# SOURCE MATERIAL

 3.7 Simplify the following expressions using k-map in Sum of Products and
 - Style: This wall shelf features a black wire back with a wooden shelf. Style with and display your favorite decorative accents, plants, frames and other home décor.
--
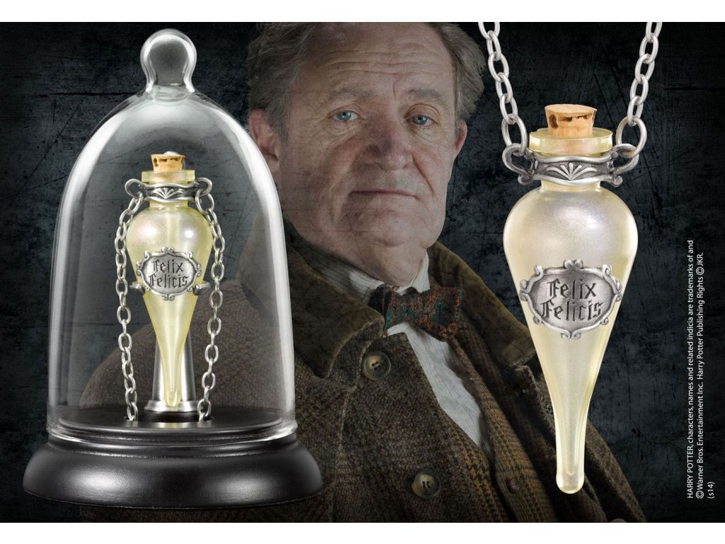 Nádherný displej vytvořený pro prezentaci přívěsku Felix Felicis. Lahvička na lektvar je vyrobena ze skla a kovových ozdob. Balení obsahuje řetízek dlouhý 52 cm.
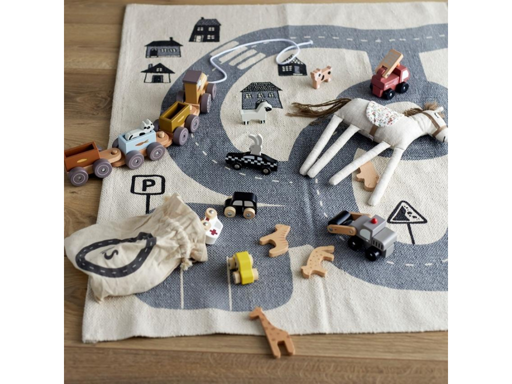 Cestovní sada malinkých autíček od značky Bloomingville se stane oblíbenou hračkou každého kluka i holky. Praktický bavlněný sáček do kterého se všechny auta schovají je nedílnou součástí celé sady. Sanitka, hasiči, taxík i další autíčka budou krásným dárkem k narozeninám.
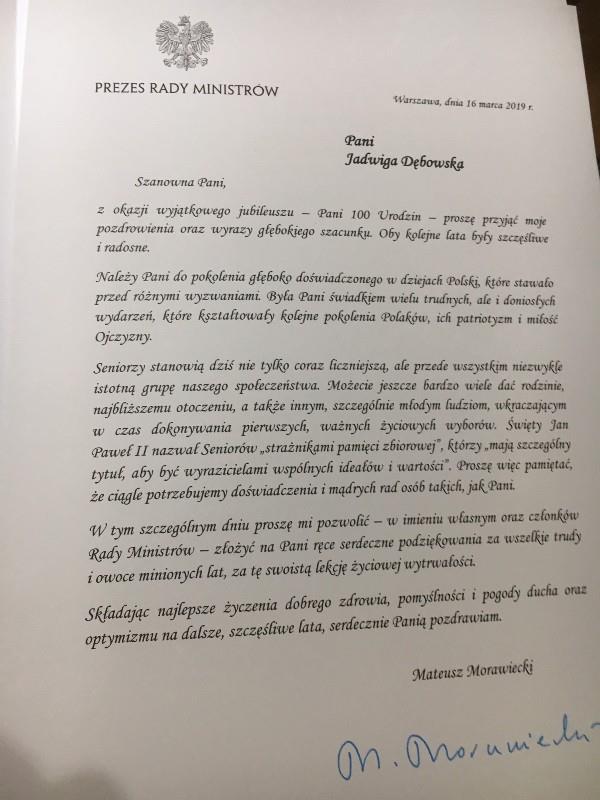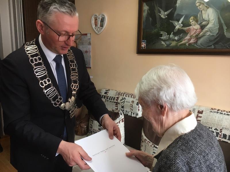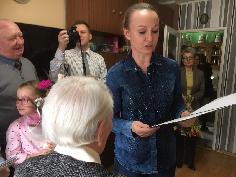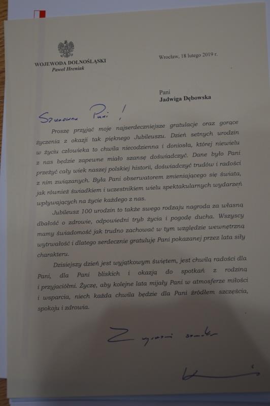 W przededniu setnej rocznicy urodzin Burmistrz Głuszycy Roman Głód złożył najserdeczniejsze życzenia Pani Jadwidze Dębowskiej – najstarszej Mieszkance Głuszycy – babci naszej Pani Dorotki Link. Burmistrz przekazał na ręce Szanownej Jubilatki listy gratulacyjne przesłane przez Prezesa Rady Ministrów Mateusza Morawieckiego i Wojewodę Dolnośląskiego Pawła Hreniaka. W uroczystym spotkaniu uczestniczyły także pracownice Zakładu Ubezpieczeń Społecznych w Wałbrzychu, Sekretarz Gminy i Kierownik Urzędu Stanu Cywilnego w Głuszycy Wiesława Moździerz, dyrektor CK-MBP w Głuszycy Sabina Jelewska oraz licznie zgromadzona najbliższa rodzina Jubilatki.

# YOUR INSTRUCTIONS
Reproduce word for word the material above, starting with the line that has "3.7 Simplify the" and stopping after the line that has "- Style: This".

# WRITTEN REPLY
 3.7 Simplify the following expressions using k-map in Sum of Products and
 - Style: This wall shelf features a black wire back with a wooden shelf. Style with and display your favorite decorative accents, plants, frames and other home décor.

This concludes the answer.